▸ What you will do: Copy each entry verbatim, excluding its images.

Records drawn from a dataset:
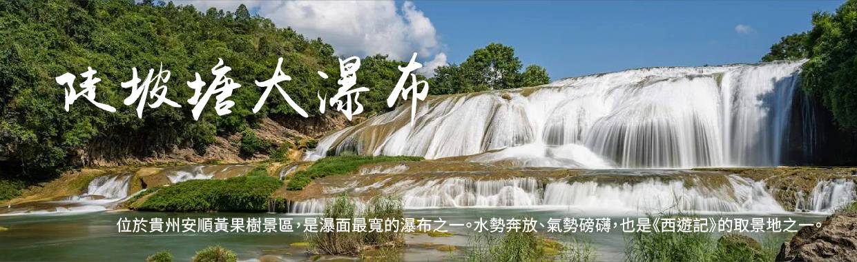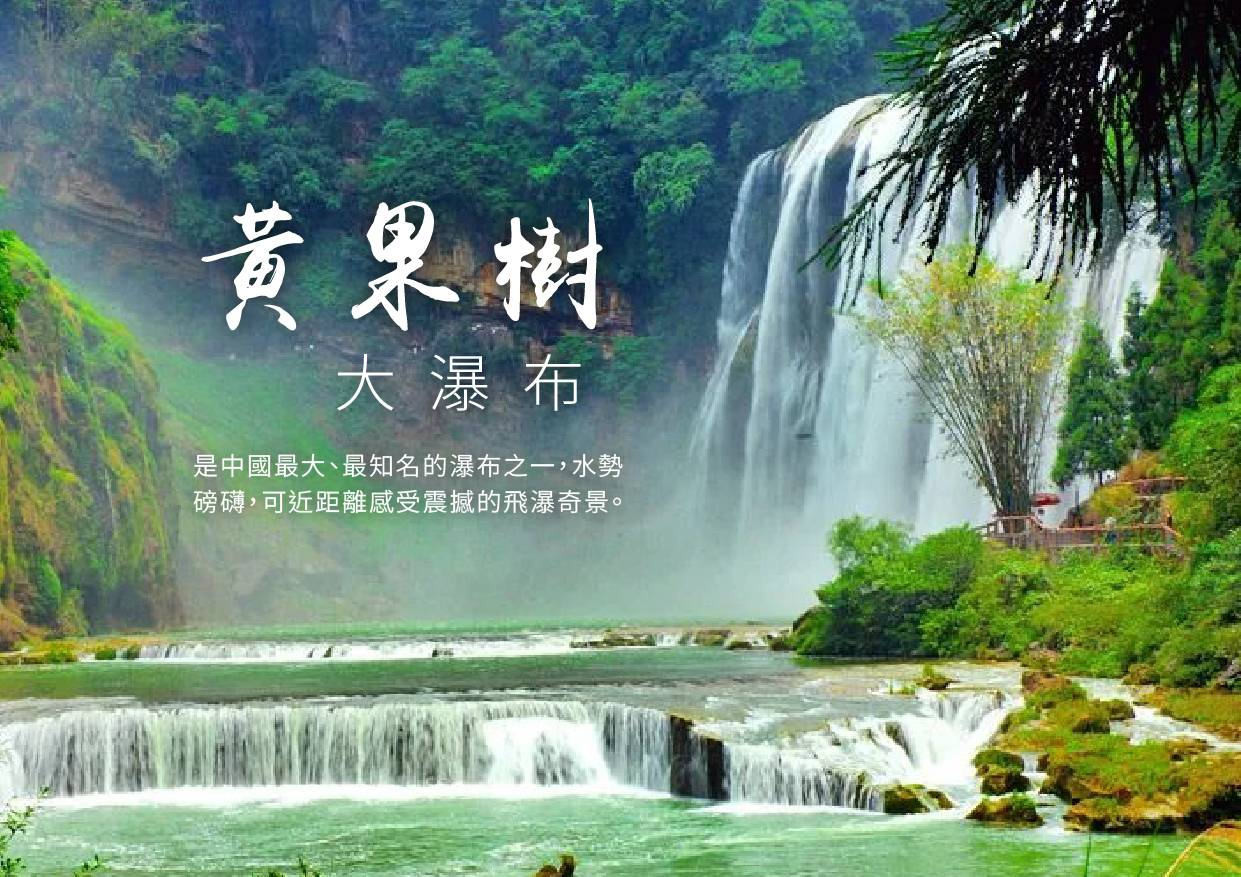 【黃果樹瀑布景區】位於中國貴州省安順市鎮寧布依族苗族自治縣,是珠江水系打邦河的支流白水河 九級瀑布群中規模最大的一級瀑布,古稱白水河瀑布,亦名“黃葛墅”瀑布或“黃桷樹”瀑布,因本地廣泛分佈著“黃葛榕”而得名,是世界著名大瀑布之一。以水勢浩大著稱。瀑布高度為77.8米,其中主瀑高67米;瀑布寬101米,其中主瀑頂寬83.3米。黃果樹瀑布屬喀斯特地貌中的侵蝕裂典型瀑布。景區以黃果樹瀑布為中心, 有地面有18個瀑布,地表下有14個瀑布。黃果樹瀑布是亞洲最大的瀑布。黃果樹瀑布最奇特的地方是在瀑布背後隱藏著一條百公尺長的水濂洞、洞中除了觀賞千奇百怪的鐘乳石、更可置身洞中觀賞瀑布、令您此生難忘。
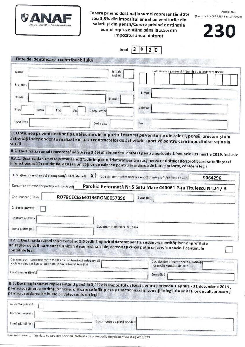 Szeretettel kérjük, ajánlja adója 2 illetve 3,5 százalékát a Szigetlankai Református Egyházközségnek.
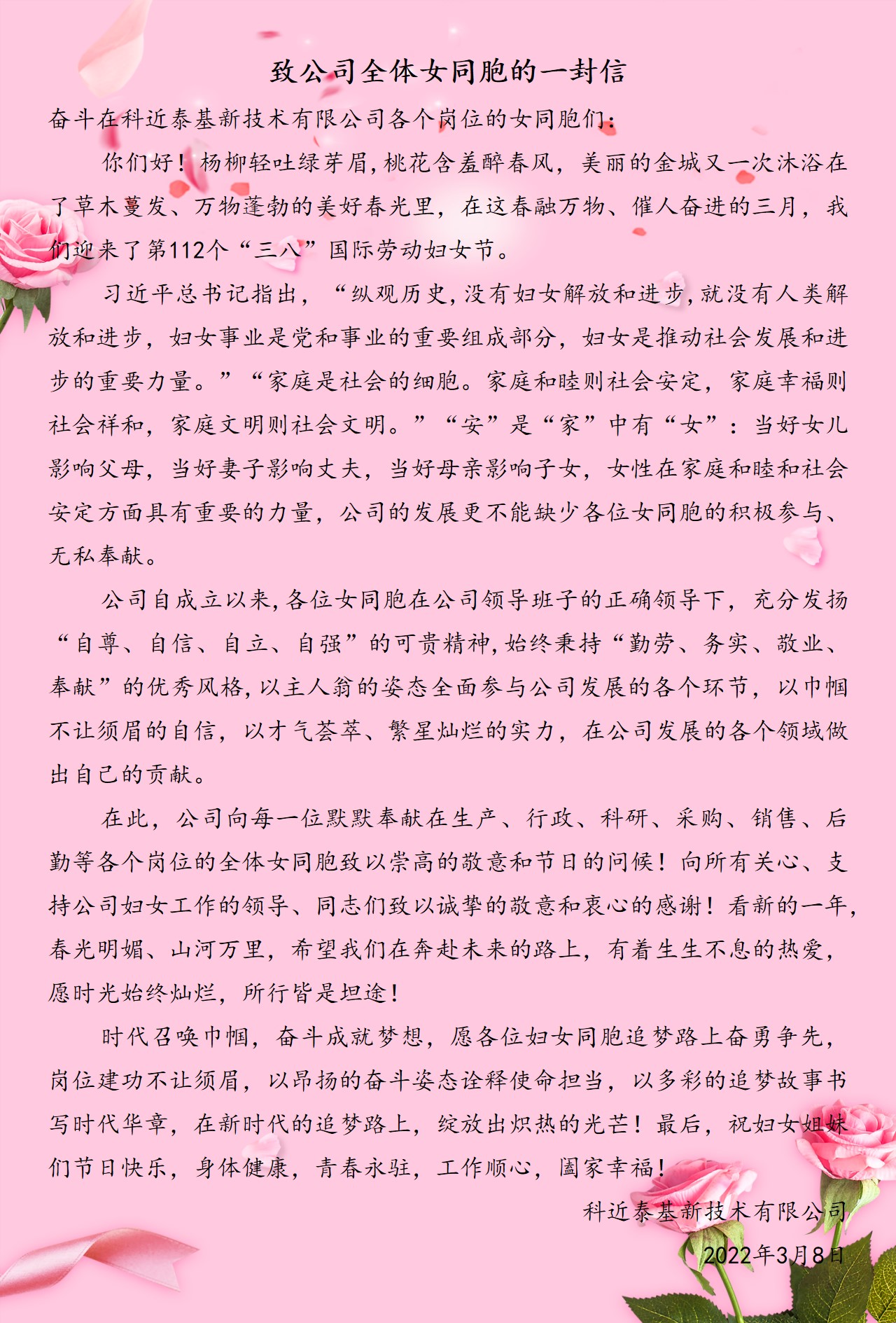 致公司全体女同胞的一封信
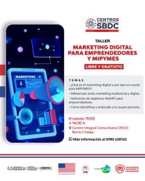 Participá de la Capacitación gratuita para MIPYMES! “Marketing digital para emprendedores y MIPYMES" Jueves 19 de marzo 2026 14:00 horas Centro Integral Comunitario CEICO - Barrio Chaipe. Preinscripción: https://forms.unae.edu.py/sbdc/odaegy Para más información, comunicarse al (0985)638763 Ministerio de Industria y Comercio de Paraguay. |
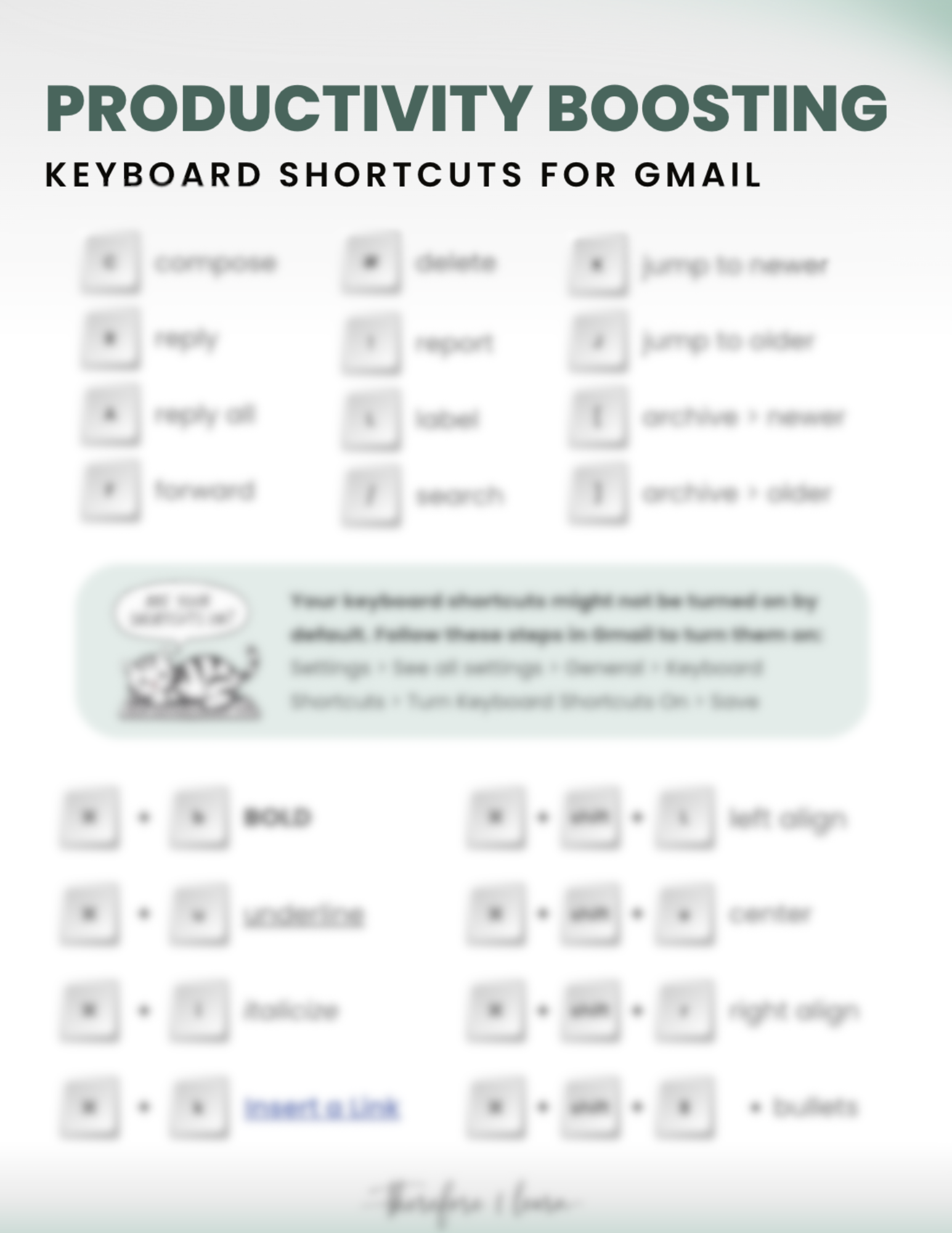 It might sound silly but you'll be impressed with how much time you save when you don't have to fumble with your mouse to navigate your inbox. Download this free printable to help you learn and remember the best keyboard shortcuts for Gmail.

▸ Task result:
 【黃果樹瀑布景區】位於中國貴州省安順市鎮寧布依族苗族自治縣,是珠江水系打邦河的支流白水河 九級瀑布群中規模最大的一級瀑布,古稱白水河瀑布,亦名“黃葛墅”瀑布或“黃桷樹”瀑布,因本地廣泛分佈著“黃葛榕”而得名,是世界著名大瀑布之一。以水勢浩大著稱。瀑布高度為77.8米,其中主瀑高67米;瀑布寬101米,其中主瀑頂寬83.3米。黃果樹瀑布屬喀斯特地貌中的侵蝕裂典型瀑布。景區以黃果樹瀑布為中心, 有地面有18個瀑布,地表下有14個瀑布。黃果樹瀑布是亞洲最大的瀑布。黃果樹瀑布最奇特的地方是在瀑布背後隱藏著一條百公尺長的水濂洞、洞中除了觀賞千奇百怪的鐘乳石、更可置身洞中觀賞瀑布、令您此生難忘。
 Szeretettel kérjük, ajánlja adója 2 illetve 3,5 százalékát a Szigetlankai Református Egyházközségnek.
 致公司全体女同胞的一封信
 Participá de la Capacitación gratuita para MIPYMES! “Marketing digital para emprendedores y MIPYMES" Jueves 19 de marzo 2026 14:00 horas Centro Integral Comunitario CEICO - Barrio Chaipe. Preinscripción: https://forms.unae.edu.py/sbdc/odaegy Para más información, comunicarse al (0985)638763 Ministerio de Industria y Comercio de Paraguay. |
 It might sound silly but you'll be impressed with how much time you save when you don't have to fumble with your mouse to navigate your inbox. Download this free printable to help you learn and remember the best keyboard shortcuts for Gmail.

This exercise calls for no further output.